Campaign against the Portuguese 

The Sahityaratnakara describe Achuthappa's victory over Parasikas at Nagapattinam. Ramabadramba too refers to the campaign but names Achuthappa's enemies as "Parangi", the Tamil word used for colonial Europeans. During the early 17th century, the Portuguese were waging a concentrated campaign to conquer Jaffna and Achuthappa's attack on Nagapattinam might have been launched to assist the king of Jaffna. To supplant the Portuguese, Achuthappa also maintained friendly relations with the Dutch towards the end of his reign.

Art and architecture 

On the whole, however, the kingdom progressed during Achuthappa's reign. Achuthappa built the Thiraikattuvar Mandapam in the Vilanagar temple in 1608 and made generous land grants to the Margasahayeshwara Temple at Muvalur near Mayiladuthurai, Thirumulasthana Temple at Chidambaram and Panaipakkam Temple. The Sangitha Sudha says that Achuthappa Nayak was an ardent devotee of the Hindu god Ranganatha right from his boyhood. Achuthappa constructed the golden vimana and gopuras around the Ranganathaswamy Temple, Srirangam and constructed the flight of steps leading to the Cauvery. He constructed Pushyamantapas to feed poor Brahmins in the towns of Mayiladuthurai, Thiruvidaimarudur, Kumbakonam and Tiruvadi. He also constructed a dam across the Cauvery near the town of Tiruvadi in order to facilitate irrigation and endowed agraharas all over the kingdom.

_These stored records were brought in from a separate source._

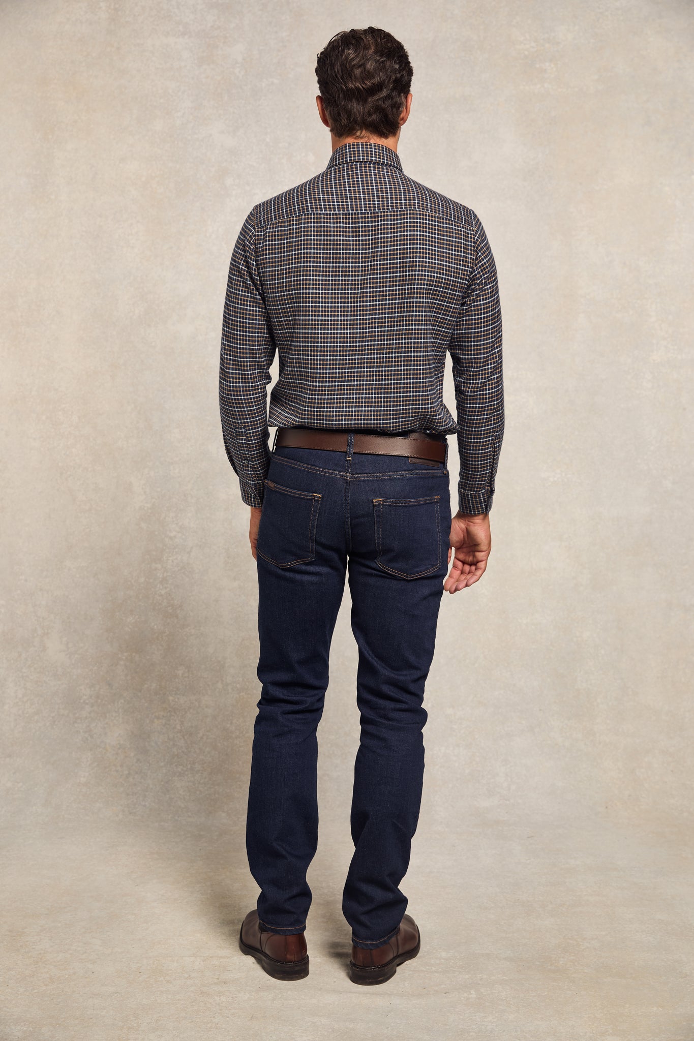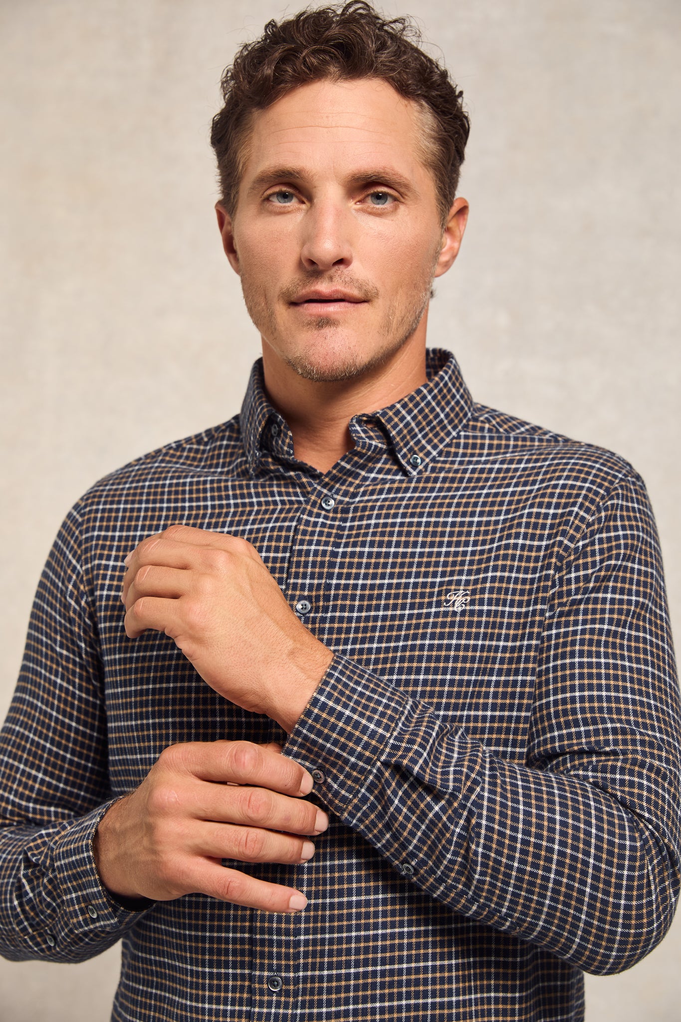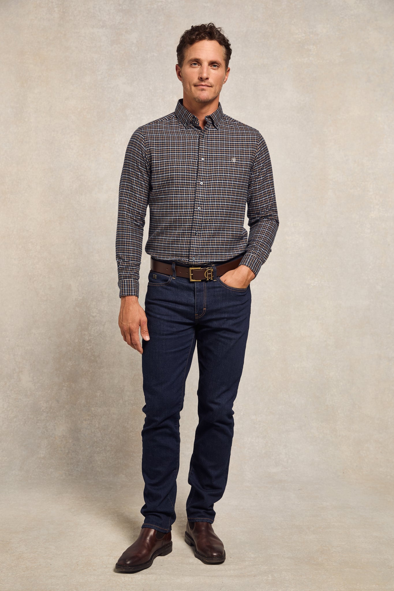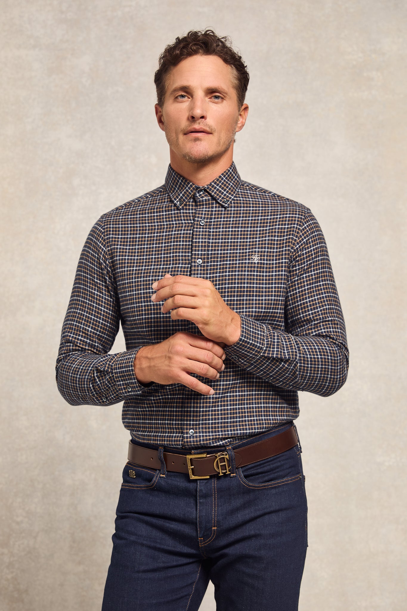 The Men’s Classic Button Down Shirt is a subtle yet timeless luxury piece, featuring a classic button-down collar and a slim fit for a sophisticated tailored look. Crafted from mid-weight brushed cotton, it offers comfort and durability. The shirt is adorned with mock pearl buttons engraved with HC branding, a single button cuff, and an embroidered mini HC on the chest. Traditional check designs and colourations add to its classic appeal, while woven branding labels on the back neck and front placket provide a refined finish on our iteration of this timeless staple piece.
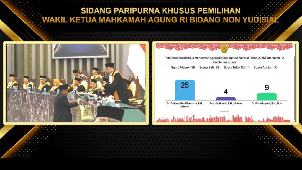 Hasilnya, Dwiarso meraih 25 suara sah, unggul atas Prof. Hamdi dan Dr. Prim Haryadi. Dengan demikian, ia ditetapkan sebagai Wakil Ketua MA Bidang Non Yudisial terpilih.
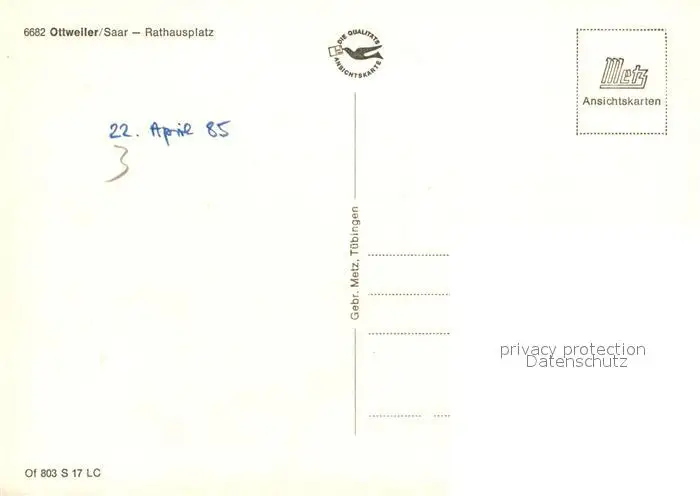 Ottweiler Rathausplatz Turm Fachwerkhaeuser Ottweiler postalisch nicht gelaufen 1985 Erhaltung siehe scans [FriedD77] Frierer
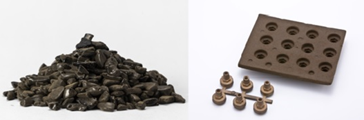 図1 固形ノボラック型リグニン変性フェノール樹脂(左)と 鋳型製造用途の使用例(右)

Literature flourished during his reign. The works Sahityaratnakara and Raghunathabyudayam give a detailed picture of life in the Thanjavur Nayak kingdom. They describe the whole kingdom as a "paddy forest" (Salivanam).

Later life 

According to sources, Achuthappa abdicated following the death of the Vijayanagar Emperor Venkatapathi in 1614 and anointed his son Raghunatha Nayak as the next ruler. According to the Sahityaratnakara, Achuthappa retired to Srirangam upon abdication spending the rest of his life discoursing with Hindu scholars. The Raghunathabyudayam says that Raghunatha Nayak approached Achuthappa to seek his blessings after the Battle of Toppur in 1617. It is assumed that Achuthappa must have died after that date.